# COGS 118A- Project Checkpoint

# Names

Hopefully your team is at least this good. Obviously you should replace these with your names.

- Will Sumerfield
- Miguel Monares
- Abdalla Atalla
- Ritik Raina
- Matilda Michel

# Abstract

The goal of our project is to learn about the strengths, weaknesses, and applications of several popular supervised
machine learning models. We will hypothesize their performance predicting Heart Disease on a large dataset of health
related metrics, train each model on the same data, and analyze their performance. Finally, we will attempt to create
an ensemble model which outperforms each of our individual models.

# Background
Heart disease is the leading cause of death in the United States, accounting for more than 696,000 deaths in 2020 alone. [1]. It is a disease that, if remedied proactively early, can be treated and/or alleviated. Hence, in order to best address the prominence of heart disease in the US, we must use leading technologies to help understand, predict, and detect indicators of heart disease in patients.

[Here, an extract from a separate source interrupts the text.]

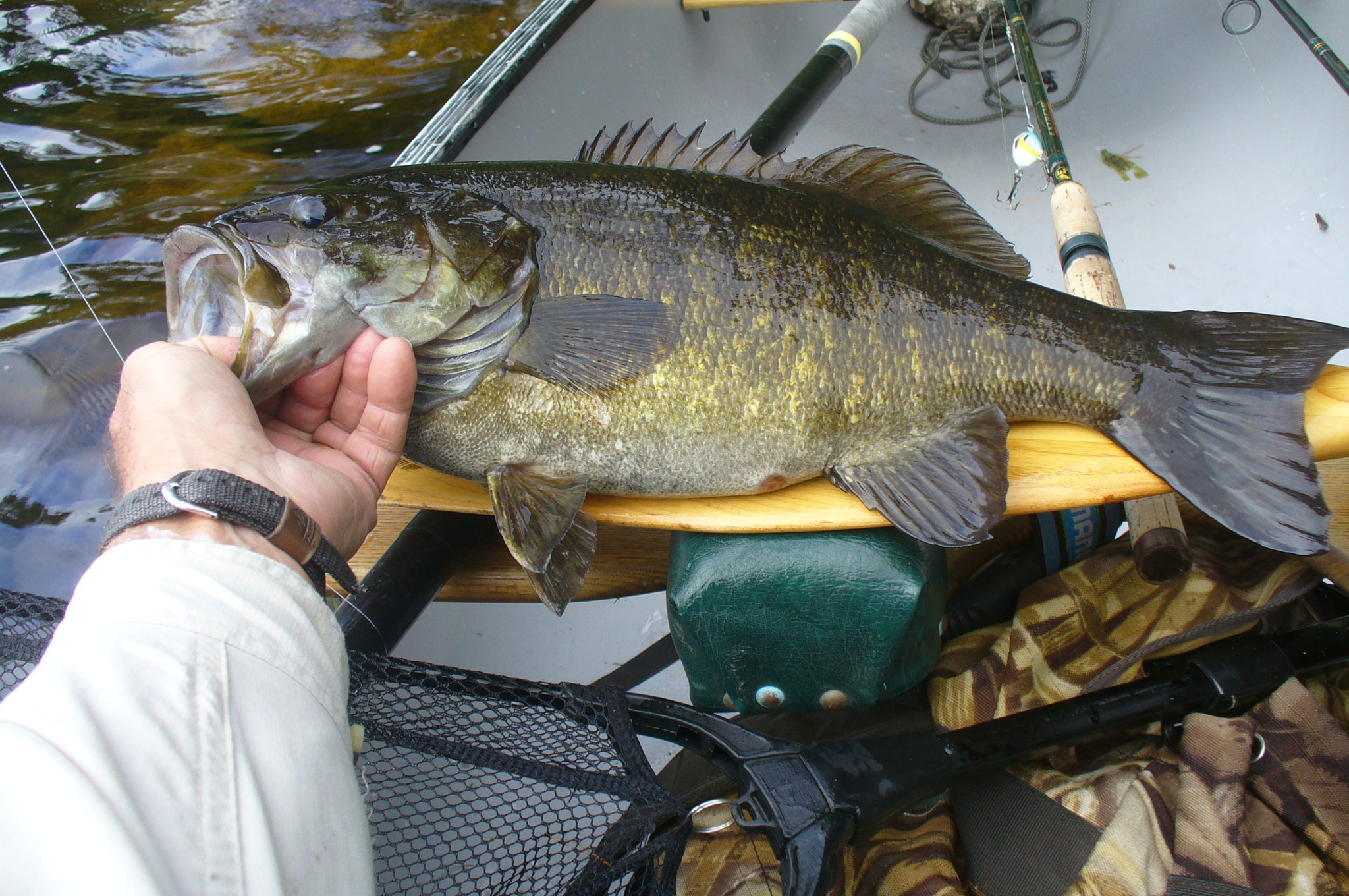 The last photo is of a gorgeous smallmouth. He has it laid out on a paddle which is a great way to photo a fish when you are by yourself. I think I’ll copy that idea if I ever catch another one worth taking a picture of.

The technology of machine learning is already widely used in the field of medicine, including the domain of disease prediction & classification.

### Prior Work:

1. Using patient information such as MRI scans, biomarkers, and numerical data about the patient, researchers have been able to develop a random forest classifier that predicts Alzheimer's Disease in its early stages up to an 85% accuracy [2]. The implications of this research are proactive care for those who are predicted to develop Alzheimer's disease.
2. Using feature selection and data cleaning techniques, researchers have been able to leverage to use of different machine learning models on multiple sources of data (meterological, epidemic, media data, etc.) to analyze, predict, and prevent the spread of infectious diseases [3].
3. Finally, within the space of heart disease classification, researchers have already developed machine learning and deep learning models to predict heart disease. Using a Heart Disease dataset from UCI, researchers have been able to leverage deep learning techniques to achieve a 94% accuracy in predicting heart disease [4].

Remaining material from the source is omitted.